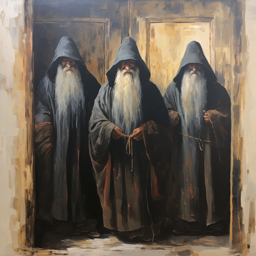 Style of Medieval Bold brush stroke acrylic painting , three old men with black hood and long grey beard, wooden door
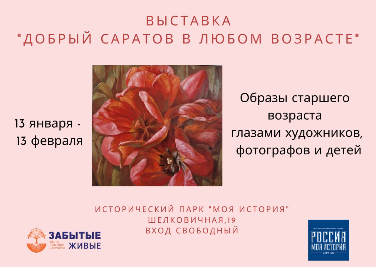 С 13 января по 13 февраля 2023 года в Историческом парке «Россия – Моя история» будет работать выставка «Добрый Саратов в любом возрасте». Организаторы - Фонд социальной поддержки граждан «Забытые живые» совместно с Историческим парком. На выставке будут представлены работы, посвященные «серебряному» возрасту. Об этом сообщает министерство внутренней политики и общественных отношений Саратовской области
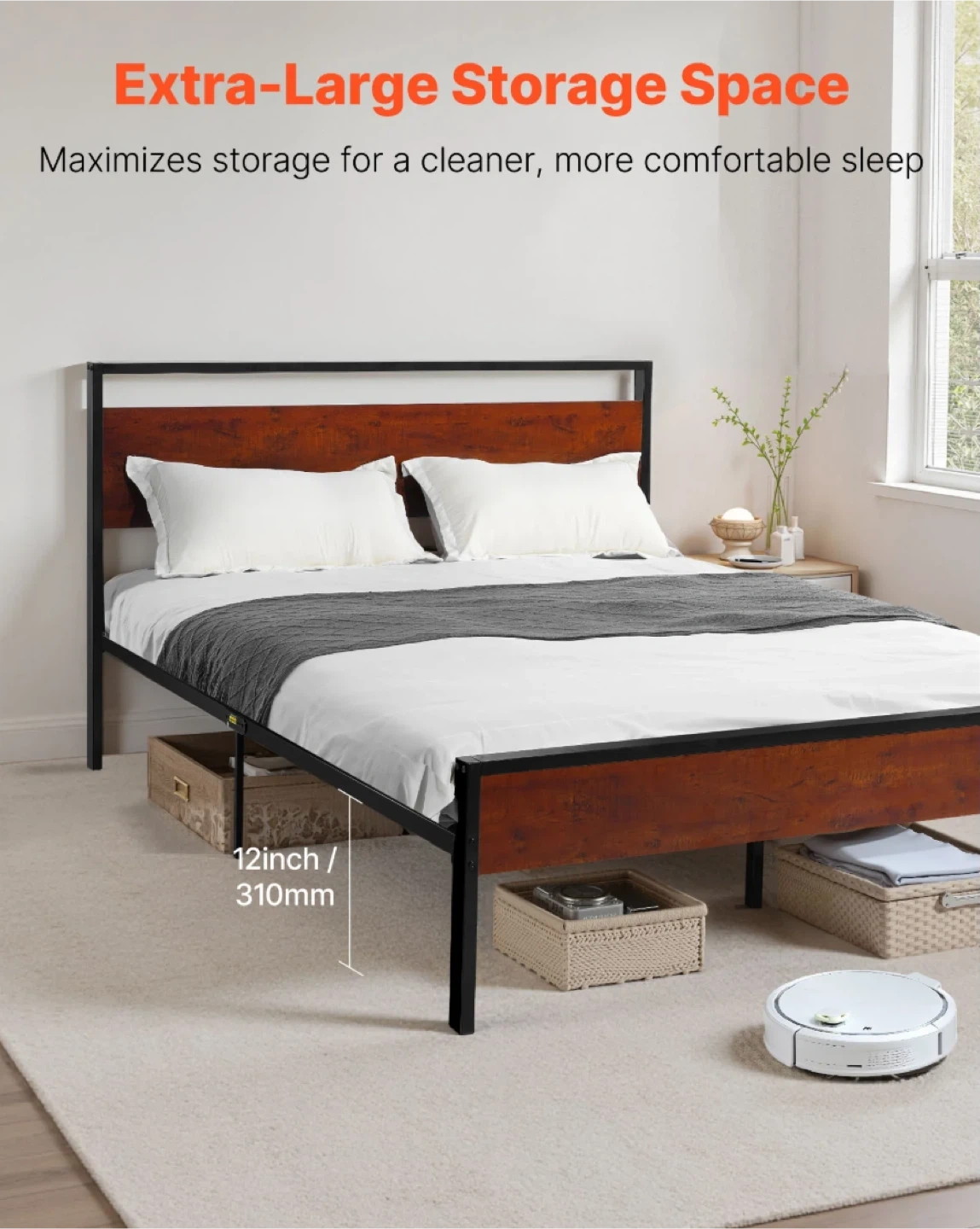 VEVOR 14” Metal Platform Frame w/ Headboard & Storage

┄┄┄┄┄┄┄┄┄┄

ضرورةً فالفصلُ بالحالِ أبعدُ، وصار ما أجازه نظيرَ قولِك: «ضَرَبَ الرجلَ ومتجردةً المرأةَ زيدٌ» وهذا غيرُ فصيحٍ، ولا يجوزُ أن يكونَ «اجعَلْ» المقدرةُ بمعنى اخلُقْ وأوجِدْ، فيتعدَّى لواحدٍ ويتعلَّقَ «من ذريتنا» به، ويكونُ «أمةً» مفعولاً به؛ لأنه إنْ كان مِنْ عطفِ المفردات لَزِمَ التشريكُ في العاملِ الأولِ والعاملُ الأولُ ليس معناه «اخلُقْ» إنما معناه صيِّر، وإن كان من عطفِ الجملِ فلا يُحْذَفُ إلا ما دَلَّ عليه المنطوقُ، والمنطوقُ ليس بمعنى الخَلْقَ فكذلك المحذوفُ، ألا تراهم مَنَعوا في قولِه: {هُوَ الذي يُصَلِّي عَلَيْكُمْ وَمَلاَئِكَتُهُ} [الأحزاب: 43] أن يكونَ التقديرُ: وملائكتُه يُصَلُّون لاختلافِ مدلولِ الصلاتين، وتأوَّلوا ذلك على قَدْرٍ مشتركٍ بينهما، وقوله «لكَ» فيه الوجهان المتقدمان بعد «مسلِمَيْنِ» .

┄┄┄┄┄┄┄┄┄┄

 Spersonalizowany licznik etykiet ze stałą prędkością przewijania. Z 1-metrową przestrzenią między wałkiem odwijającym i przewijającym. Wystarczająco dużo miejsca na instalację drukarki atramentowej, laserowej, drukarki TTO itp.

┄┄┄┄┄┄┄┄┄┄

§ EXERCISE OBJECTIVE:
Exactly the lines above from the one that contains "Style of Medieval" down to the one that contains "Headboard & Storage" are to be output, both ends kept and pictures omitted.

§ TASK ANSWER:
 Style of Medieval Bold brush stroke acrylic painting , three old men with black hood and long grey beard, wooden door
 С 13 января по 13 февраля 2023 года в Историческом парке «Россия – Моя история» будет работать выставка «Добрый Саратов в любом возрасте». Организаторы - Фонд социальной поддержки граждан «Забытые живые» совместно с Историческим парком. На выставке будут представлены работы, посвященные «серебряному» возрасту. Об этом сообщает министерство внутренней политики и общественных отношений Саратовской области
 VEVOR 14” Metal Platform Frame w/ Headboard & Storage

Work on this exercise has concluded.